- Born: 28 May 1949 (age 76) Norway
- Occupation: Unemployed
- Criminal status: Incarceration pending
- Spouse: Gerrit Løberg
- Criminal charge: Fraud
- Penalty: Sentenced to 14 months in prison, fined 1 million NOK

= Liv Løberg =

Norwegian politician

Liv Løberg (born 28 May 1949; former names Liv Else Lindeløf and Liv Ranes-Kendall) is a Norwegian practical nurse, a former politician for the Progress Party. Her name came to mass media attention in Norway in June 2010 when it was revealed that she had forged her CV, this being accentuated by the fact that she was an office manager working at the Norwegian Registration Authority for Health Personnel (SAFH). On 24 April 2012, she was convicted of fraud and sentenced to 14 months in prison.

==Education==
Løberg dropped out of high school and has completed one year of practical nurse (hjelpepleier) education at Aker Hospital in Norway in 1969.
===False degrees===
She also claimed to be a registered nurse (sykepleier) and have degrees from the "London School of Economics and Public Administration" (a misunderstanding of the name of the London School of Economics and Political Science) and Queen Mary College and a Siviløkonom (Candidate of Commerce) degree from Norges Handelshøyskole (Norwegian School of Commerce).

==Work==
From 1994 to 1998 Løberg was the welfare office manager of the borough St. Hanshaugen-Ullevål. She was chief of staff at the Norwegian Meteorological Institute from 1998 to 2000, and head of the economics department at Oslo Orthopedic University Clinic, before becoming division director at Ullevål University Hospital's Laboratory Technical Division. In 2004 she became special advisor, before getting hired as office chief at Norwegian School of Veterinary Science. She was office chief at the Institute for Production Animal Medicine in 2007–2008.

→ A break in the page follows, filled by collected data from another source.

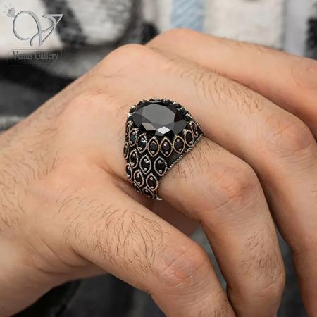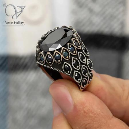 انگشتر نقره مردانه سنگ اونیکس چند وجهی بیضی بسیار شیک ترک کد 6119
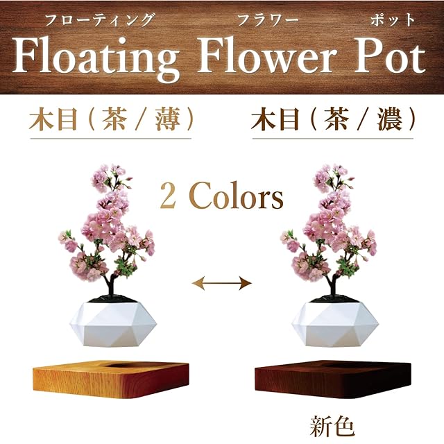浮く植木鉢 台座カラー 木目調 ブラウン 濃茶色/Floating Flowerpot フローティング フラワーポット 磁気浮上 植木鉢 浮遊 プランター 盆栽鉢
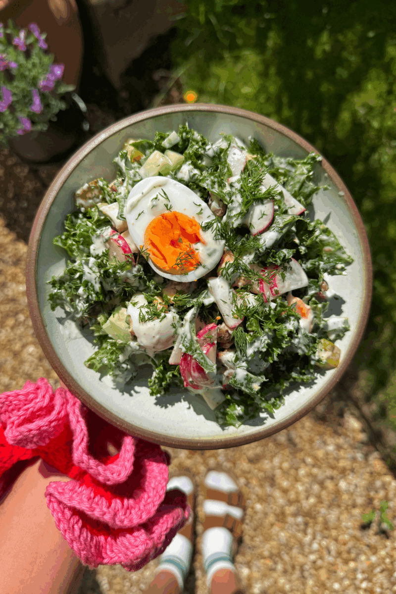 This vibrant salad is packed full of fresh ingredients including cucumber, kale, radishes, walnutsand eggs. It’s great served as a main dish or as a side salad!
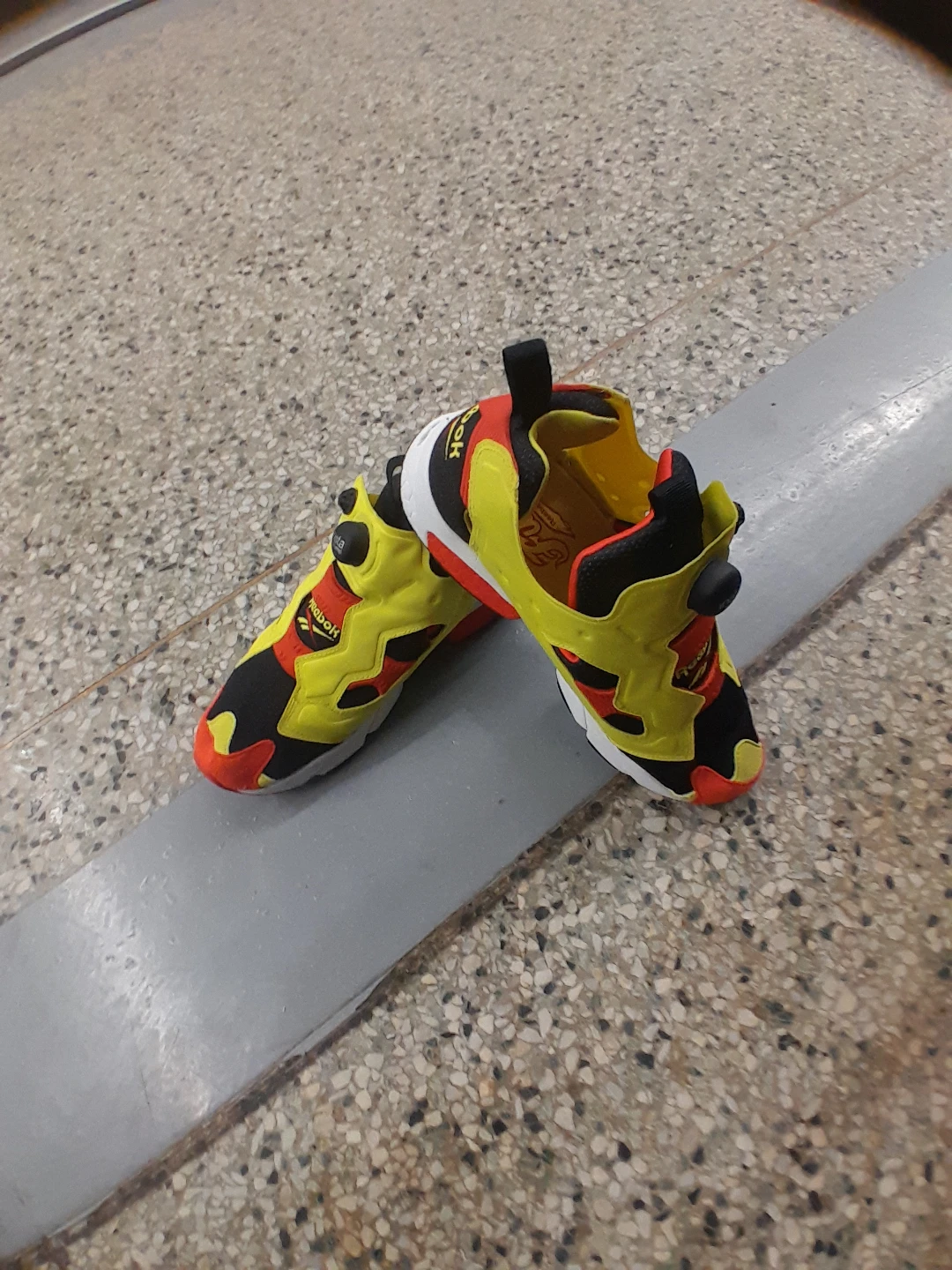 Reebok InstaPump Fury sneakers in yellow, black, and red. These iconic shoes feature a unique InstaPump technology for a custom fit. Great for everyday wear or athletic activities! Men's Size 9.5

In June 2010 Løberg stepped down as an office manager at SAFH after it was revealed she had forged two English and one Norwegian certificates. Norwegian newspaper Verdens Gang had revealed the case in June 2010, and Løberg withdrew immediately.

==Politics==
Løberg served as a deputy representative to the Parliament of Norway for the constituency Akershus during the terms 2001–2005 and 2009–2013. She was also member of Vestby municipal council and Akershus county council for the Progress Party and vice head of Akershus Progress Party until 4 July 2010. She was the party's mayoral candidate in Vestby in 2007.

==Criminal conviction==
The trial of Løberg for fraud and falsifying documents started on 10 April 2012. Her testimony stated that a co-worker had access to her personnel file and started investigating her educational background, and later turned over [the falsified] documentation of educational achievement to a journalist at Verdens Gang. On 24 April 2012, Liv Løberg was convicted by Oslo District Court for fraud and for falsifying documents, and sentenced to 14 months in prison, of which nine must be served. She was also sentenced to pay one million NOK.

==Family==
She is married to Gerrit Løberg, Chief of Security (sikkerhetssjef) at the Parliament of Norway.